Raw data:
BEGIN
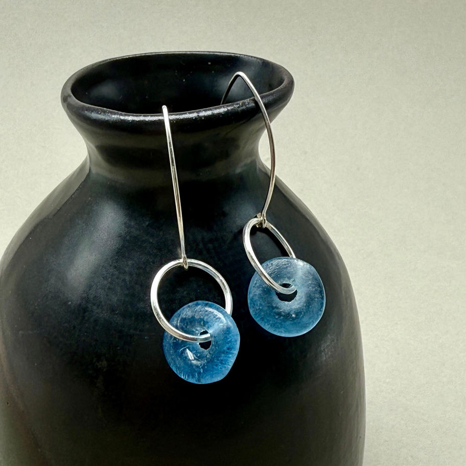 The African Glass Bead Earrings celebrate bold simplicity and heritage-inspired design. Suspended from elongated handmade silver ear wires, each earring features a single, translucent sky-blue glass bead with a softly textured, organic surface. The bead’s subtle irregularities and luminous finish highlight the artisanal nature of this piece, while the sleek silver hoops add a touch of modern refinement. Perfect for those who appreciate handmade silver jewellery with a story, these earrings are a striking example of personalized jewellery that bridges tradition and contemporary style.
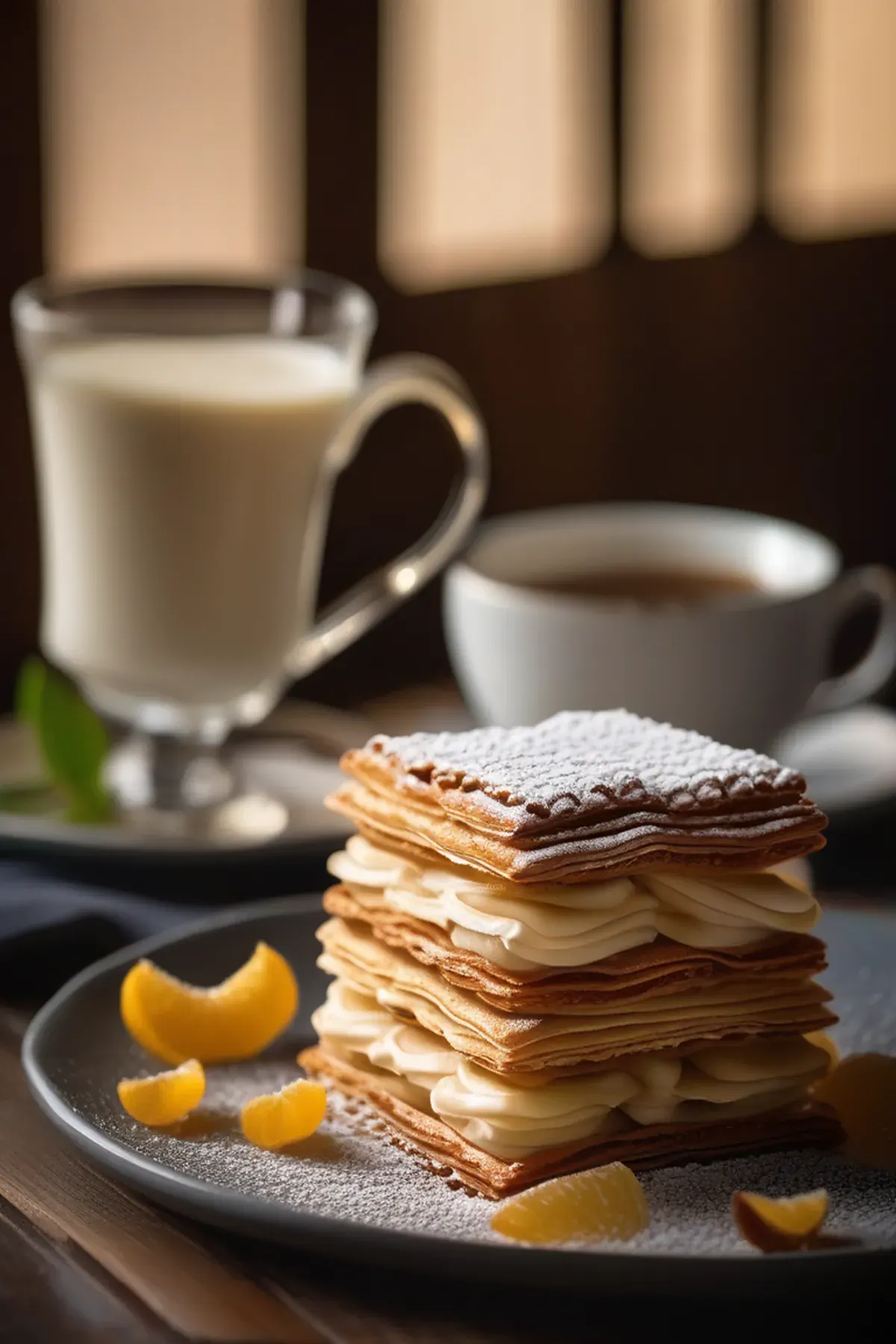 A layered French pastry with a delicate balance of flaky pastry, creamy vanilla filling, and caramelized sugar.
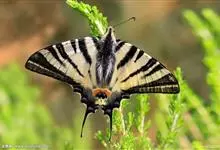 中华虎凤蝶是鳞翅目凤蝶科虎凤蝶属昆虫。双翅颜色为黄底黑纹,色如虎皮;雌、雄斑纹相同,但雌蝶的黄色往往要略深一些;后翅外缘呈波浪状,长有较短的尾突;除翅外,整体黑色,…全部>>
END
BEGIN
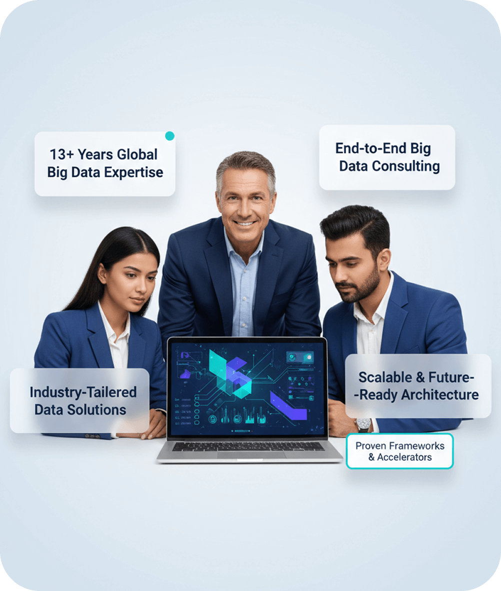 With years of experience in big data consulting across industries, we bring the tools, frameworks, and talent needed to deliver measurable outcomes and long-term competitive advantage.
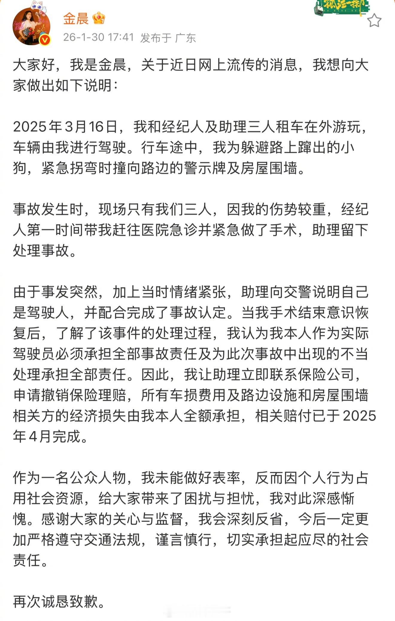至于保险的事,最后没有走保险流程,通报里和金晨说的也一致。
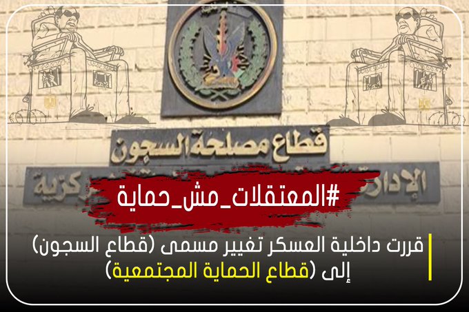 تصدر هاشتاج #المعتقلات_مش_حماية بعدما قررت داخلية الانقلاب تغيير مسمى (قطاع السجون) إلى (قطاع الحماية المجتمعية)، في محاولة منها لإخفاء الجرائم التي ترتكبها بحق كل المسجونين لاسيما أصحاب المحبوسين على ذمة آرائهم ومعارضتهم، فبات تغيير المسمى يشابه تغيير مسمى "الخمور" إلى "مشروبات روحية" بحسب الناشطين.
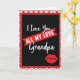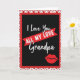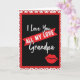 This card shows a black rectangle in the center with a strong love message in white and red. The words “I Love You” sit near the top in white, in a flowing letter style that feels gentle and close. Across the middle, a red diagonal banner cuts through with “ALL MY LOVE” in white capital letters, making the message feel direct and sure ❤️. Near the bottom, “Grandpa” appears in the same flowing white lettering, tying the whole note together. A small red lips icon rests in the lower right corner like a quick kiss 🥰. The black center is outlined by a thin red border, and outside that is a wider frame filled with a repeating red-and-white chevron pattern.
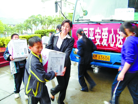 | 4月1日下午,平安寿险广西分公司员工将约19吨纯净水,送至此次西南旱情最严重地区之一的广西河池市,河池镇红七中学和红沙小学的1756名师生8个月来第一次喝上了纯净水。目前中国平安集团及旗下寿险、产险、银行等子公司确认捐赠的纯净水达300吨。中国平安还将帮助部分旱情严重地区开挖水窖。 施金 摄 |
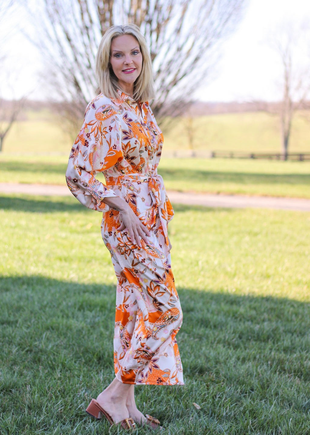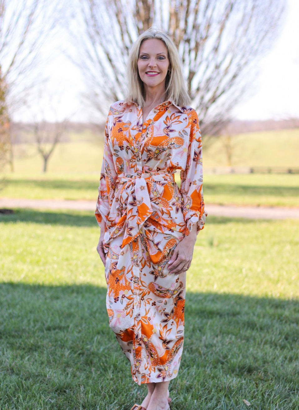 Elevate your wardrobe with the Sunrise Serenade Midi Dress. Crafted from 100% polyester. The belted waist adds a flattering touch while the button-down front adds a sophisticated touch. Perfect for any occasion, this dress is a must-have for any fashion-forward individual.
END
What the task asks: Pictures do not belong in the answer. Return the lines above starting at the one with "The African Glass" and ending at the one with "A layered French", both kept, exactly.

The answer:
 The African Glass Bead Earrings celebrate bold simplicity and heritage-inspired design. Suspended from elongated handmade silver ear wires, each earring features a single, translucent sky-blue glass bead with a softly textured, organic surface. The bead’s subtle irregularities and luminous finish highlight the artisanal nature of this piece, while the sleek silver hoops add a touch of modern refinement. Perfect for those who appreciate handmade silver jewellery with a story, these earrings are a striking example of personalized jewellery that bridges tradition and contemporary style.
 A layered French pastry with a delicate balance of flaky pastry, creamy vanilla filling, and caramelized sugar.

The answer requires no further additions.